I put the luggage in the back seat, locked the car and sat down for lunch which turned out to be the first of several “Navajo tacos”. Puffy fried bread, a local specialty, was topped with refried beans, salad, cheese, salsa and mayonnaise. At least it was filling.

After lunch I headed up to the park passing Kayenta which is where I thought my B&B was. As the afternoon wore on, the sky clouded over and it began to drizzle. I drove to the park anyway, realizing that the visit would have to wait till tomorrow. Even under overcast skies, my first view from the Visitor Center, made me gasp.


Now it was time to check into the B&B and wait for the car. But where? I realized, to my alarm, that the the GPS was not detailed enough to locate it and the cell signal was too weak to hunt for information on the internet.

Tip: Expect weak to non-existent cell service on the Navajo reservation

I had the address though and headed back to Kayenta thinking I would ask someone for help. No one knew where it was. I tried calling and texting the owner but apparently her cell signal was spotty as well. This is life on the reservation. After a half-hour or so, she finally responded with directions which turned out to be halfway back to the park. I didn’t mind the drive as the road to the park was punctuated with the striking red clay towers.

It was nightfall by the time I finally got settled in her home which, like every Navajo structure I saw was basically a pre-fab, like a mobile home. It was large and comfortable though so I didn’t mind a bit. The new car finally chugged up in early evening. It turned out that in order for the trunk to lock you have to walk away from the car with the key. Why I hate renting cars on holiday.

After the car business was sorted out, I settled into bed with a copy of The Navajo Times, the extremely informative local paper.

The information was sad though. First, there were the plans to develop the eastern rim of the Grand Canyon by putting an elevator to the bottom of the canyon (what?) where there would be a luxury hotel development. The Navajos were to get a percentage of the revenue but hadn’t decided whether to sign on as it involves sacred ground. Then, another article bemoaned the fact that a new school principal held an open house for the parents but practically no one showed up. The article noted that many students were being raised by their grandparents. Not a good sign.

The article that really typified the powerlessness of the Navajo in their own “country” was the one about Kit Carson, the man that subjugated the Navajo by driving them from their land to Canyon de Chelly where many starved and then out to Fort Sumner on “the long walk” which was essentially a death march. They froze, starved and were shot before eventually being resettled back in Arizona. So, the article was about the efforts of the local population to rename “Kit Carson Street”.

Kit Carson Street? How about Eichmann Boulevard on the Lower East Side? Almost 200 years later and the subjugated Navajo have to live with the name of the man who destroyed them?

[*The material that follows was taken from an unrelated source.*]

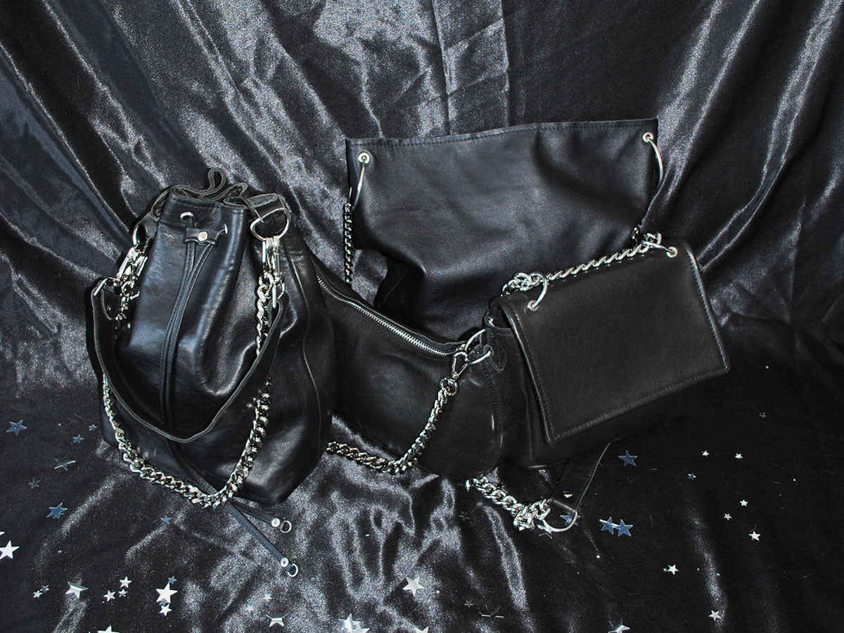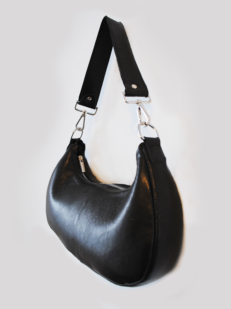 The MIDNIGHT collection is made of pitch-black lambskin. It is soft to the touch but holds its shape in any style. Each bag is lined with a cotton bandana pattern lining and has silver colored metal hardware details. Inspired by the magic of midnight, each bag in this collection is made to transition with you from one day to the next. Break curfew, make last call and head to the after party.

The article enumerated all the many bureaucratic problems with changing a street name: has to go through the Bureau of Indian Affairs, conform with other names, approved by the Post Office. Blah, blah, blah.

I found this infuriating.

Monument Valley

I awoke to a glorious sunrise which I could even appreciate from my bedroom window.

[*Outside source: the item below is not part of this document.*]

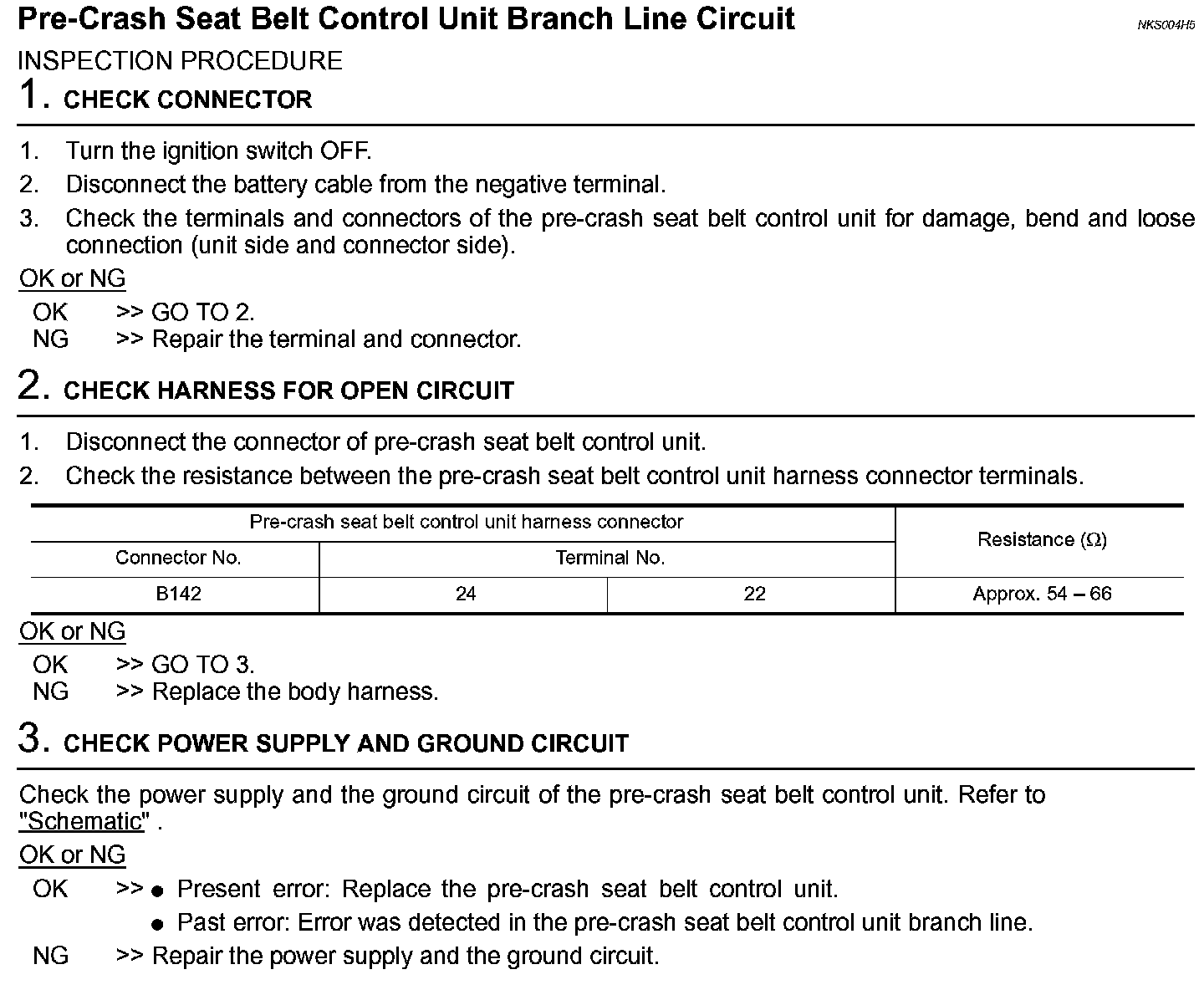 Pre-Crash Seat Belt Control Unit Branch Line Circuit

The sky was clear and blue, perfect for a visit.


The site stretches as far as the eye can see in any direction over a flat reddish landscape dotted with these looming, majestic rock towers. The effect is weepingly beautiful.


I couldn’t tear myself away from contemplating these natural sculptures from every angle and in different lights.


I was glad I hadn’t signed up for a tour and it wasn’t terribly crowded as this eerie panorama is steeped in spirituality. The Navajo believe that spirits reside in the rocks which is why they were never carved or hollowed out for dwellings.


The largest rest stop was at “John Ford Point” which the legendary director made his headquarters while he filmed his famous westerns. Here’s a setting that was used in many of them:


The recommended 1 1/2 hour drive turned into 3 as I revisited stops to see the changing light. Finally I came to the end of the portion that can be visited without a special permit and looped slowly back, still in a state of wonder and awe at the indescribable beauty.